◆ Your instructions ◆
Repeat the data exactly. Pictures stay out.

◆ Dataset entries ◆

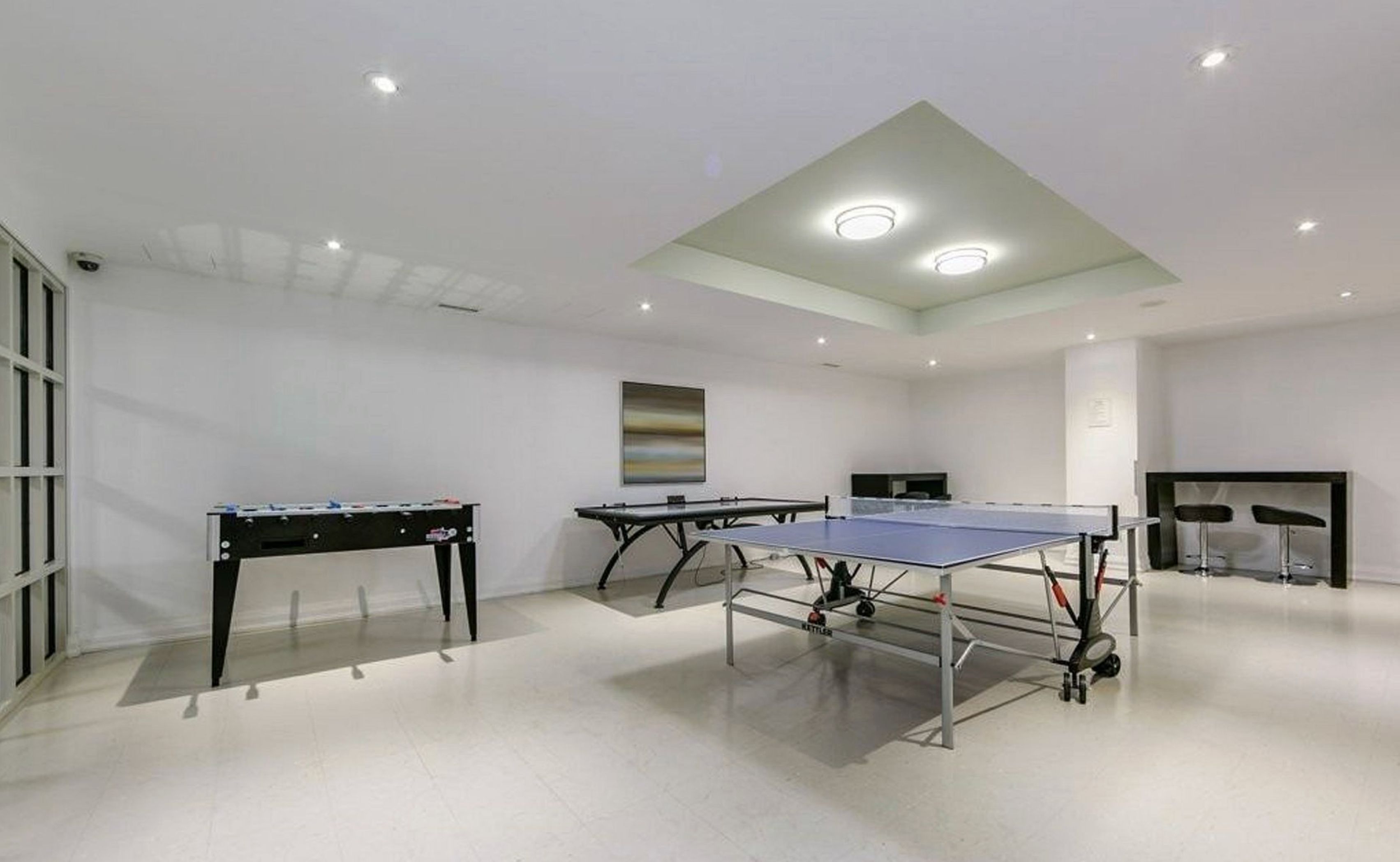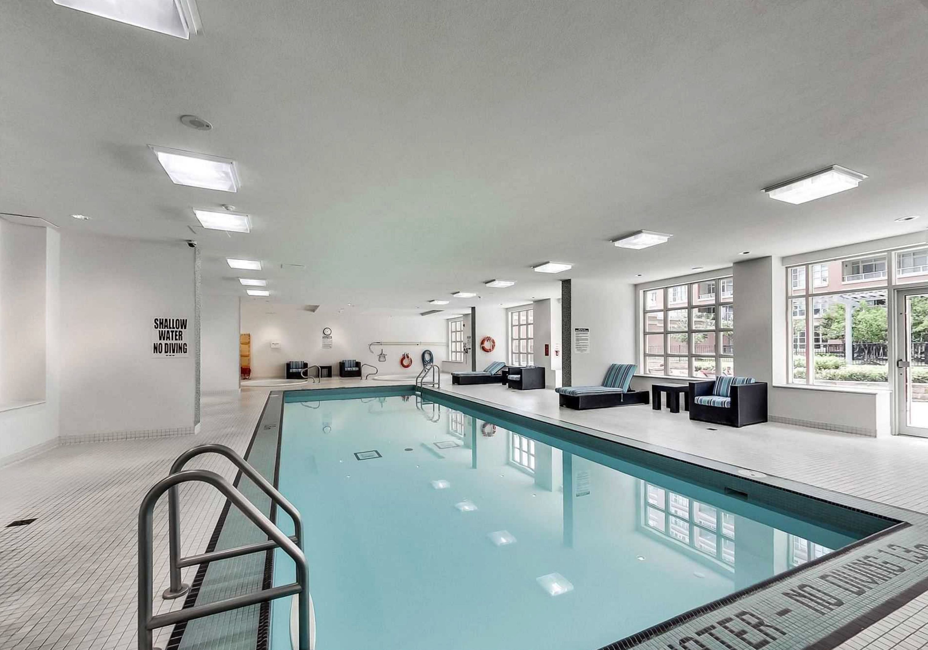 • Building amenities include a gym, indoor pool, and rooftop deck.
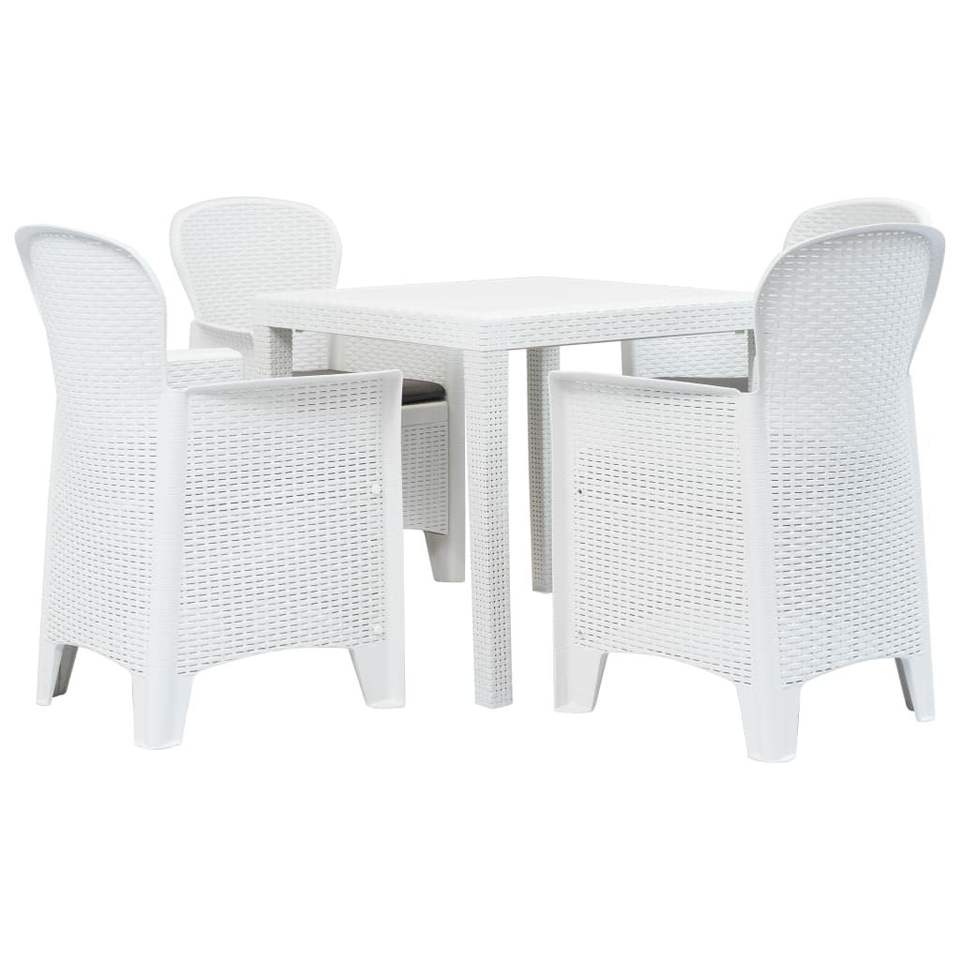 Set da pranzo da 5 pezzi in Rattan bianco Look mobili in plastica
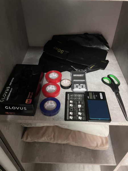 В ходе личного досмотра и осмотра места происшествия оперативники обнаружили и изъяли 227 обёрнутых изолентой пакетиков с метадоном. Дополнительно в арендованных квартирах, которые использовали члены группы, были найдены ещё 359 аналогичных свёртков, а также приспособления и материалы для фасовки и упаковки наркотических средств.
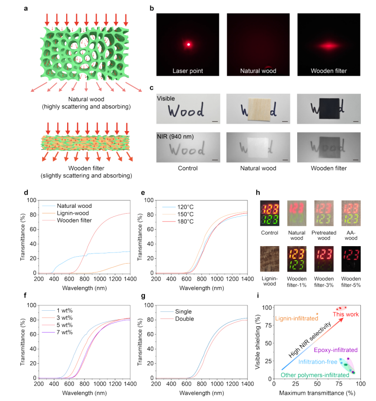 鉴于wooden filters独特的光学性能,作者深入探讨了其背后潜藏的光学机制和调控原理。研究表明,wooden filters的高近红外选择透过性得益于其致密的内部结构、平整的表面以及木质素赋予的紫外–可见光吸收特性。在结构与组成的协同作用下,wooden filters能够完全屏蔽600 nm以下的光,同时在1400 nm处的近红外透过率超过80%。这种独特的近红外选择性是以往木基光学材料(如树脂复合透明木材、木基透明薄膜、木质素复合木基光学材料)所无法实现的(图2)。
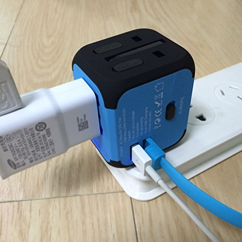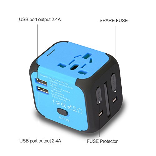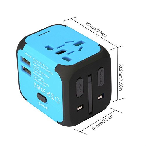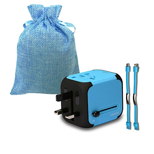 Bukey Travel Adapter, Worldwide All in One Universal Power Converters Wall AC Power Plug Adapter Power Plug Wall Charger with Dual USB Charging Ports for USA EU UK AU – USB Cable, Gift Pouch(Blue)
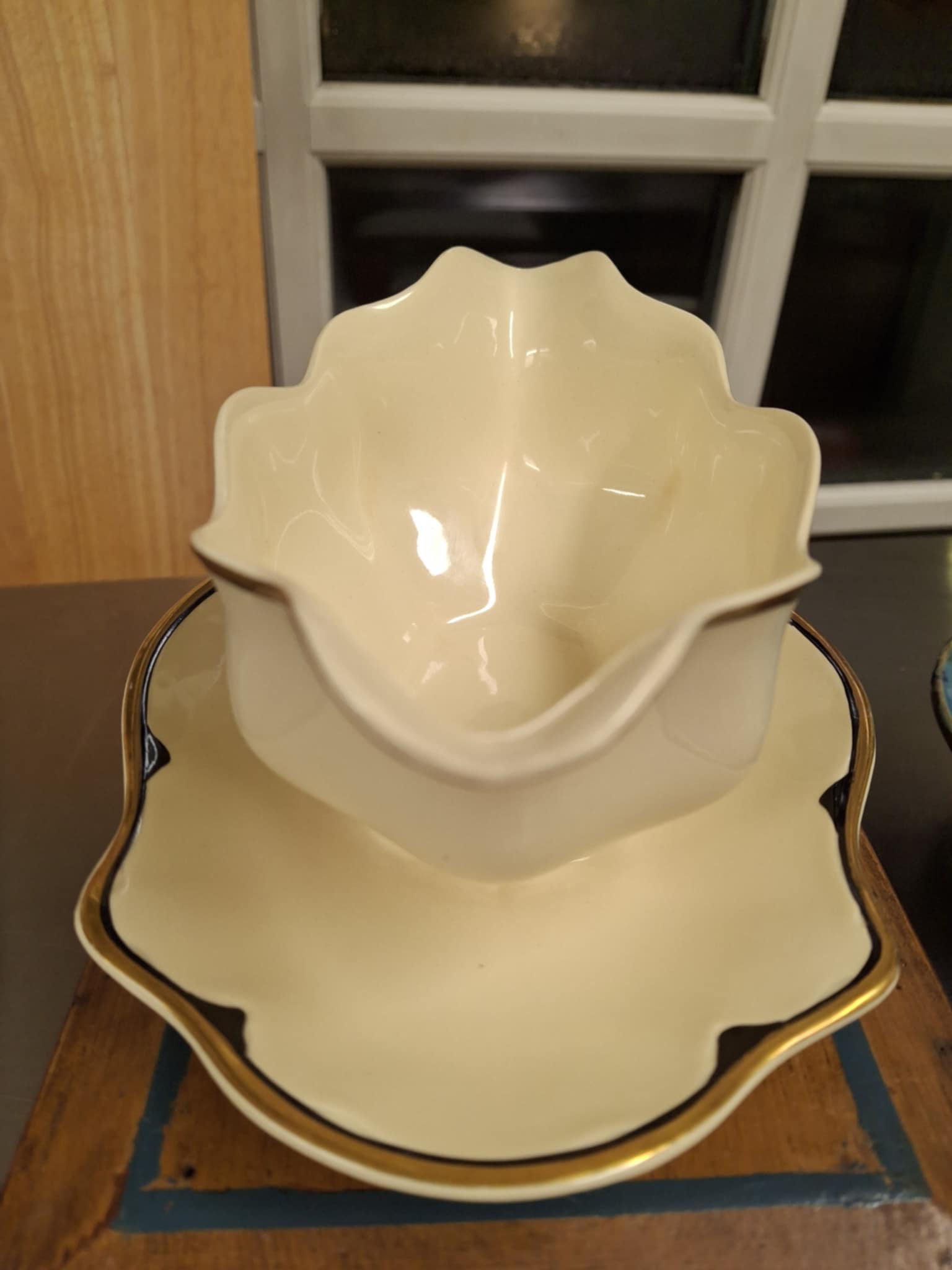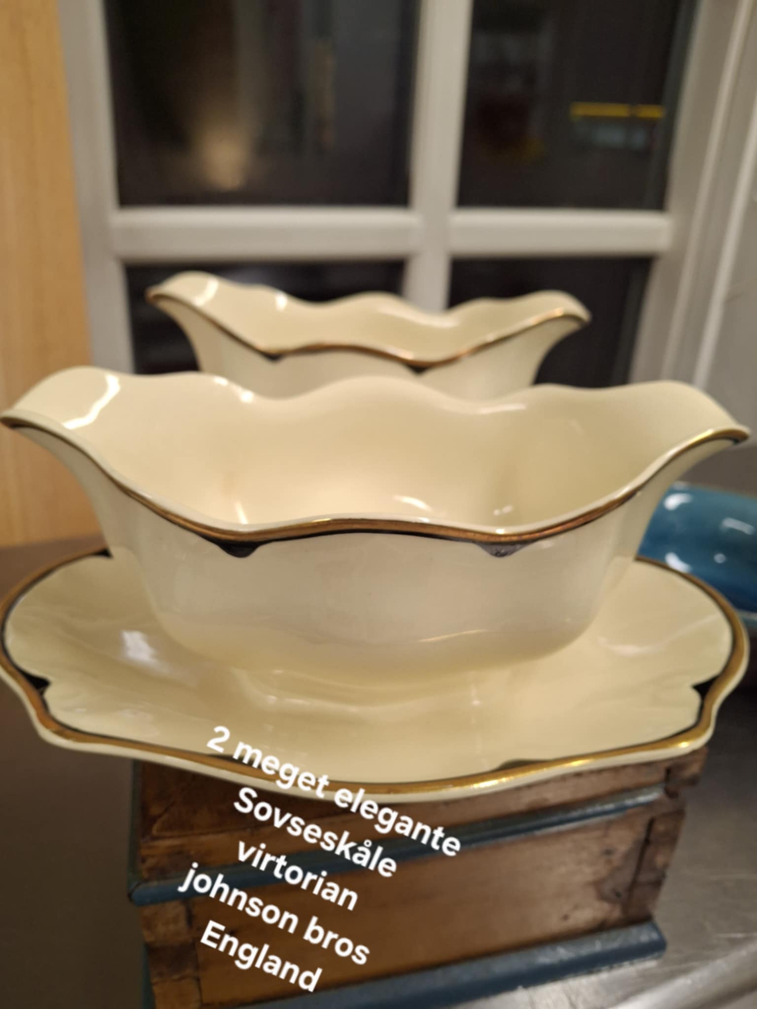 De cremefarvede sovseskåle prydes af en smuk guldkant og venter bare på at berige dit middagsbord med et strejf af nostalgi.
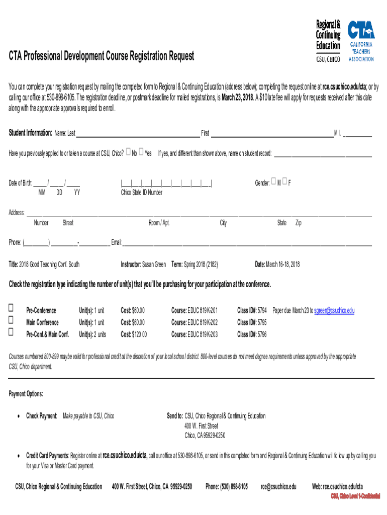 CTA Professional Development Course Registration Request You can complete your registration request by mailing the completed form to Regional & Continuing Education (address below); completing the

◆ Task answer ◆
 • Building amenities include a gym, indoor pool, and rooftop deck.
 Set da pranzo da 5 pezzi in Rattan bianco Look mobili in plastica
 В ходе личного досмотра и осмотра места происшествия оперативники обнаружили и изъяли 227 обёрнутых изолентой пакетиков с метадоном. Дополнительно в арендованных квартирах, которые использовали члены группы, были найдены ещё 359 аналогичных свёртков, а также приспособления и материалы для фасовки и упаковки наркотических средств.
 鉴于wooden filters独特的光学性能,作者深入探讨了其背后潜藏的光学机制和调控原理。研究表明,wooden filters的高近红外选择透过性得益于其致密的内部结构、平整的表面以及木质素赋予的紫外–可见光吸收特性。在结构与组成的协同作用下,wooden filters能够完全屏蔽600 nm以下的光,同时在1400 nm处的近红外透过率超过80%。这种独特的近红外选择性是以往木基光学材料(如树脂复合透明木材、木基透明薄膜、木质素复合木基光学材料)所无法实现的(图2)。
 Bukey Travel Adapter, Worldwide All in One Universal Power Converters Wall AC Power Plug Adapter Power Plug Wall Charger with Dual USB Charging Ports for USA EU UK AU – USB Cable, Gift Pouch(Blue)
 De cremefarvede sovseskåle prydes af en smuk guldkant og venter bare på at berige dit middagsbord med et strejf af nostalgi.
 CTA Professional Development Course Registration Request You can complete your registration request by mailing the completed form to Regional & Continuing Education (address below); completing the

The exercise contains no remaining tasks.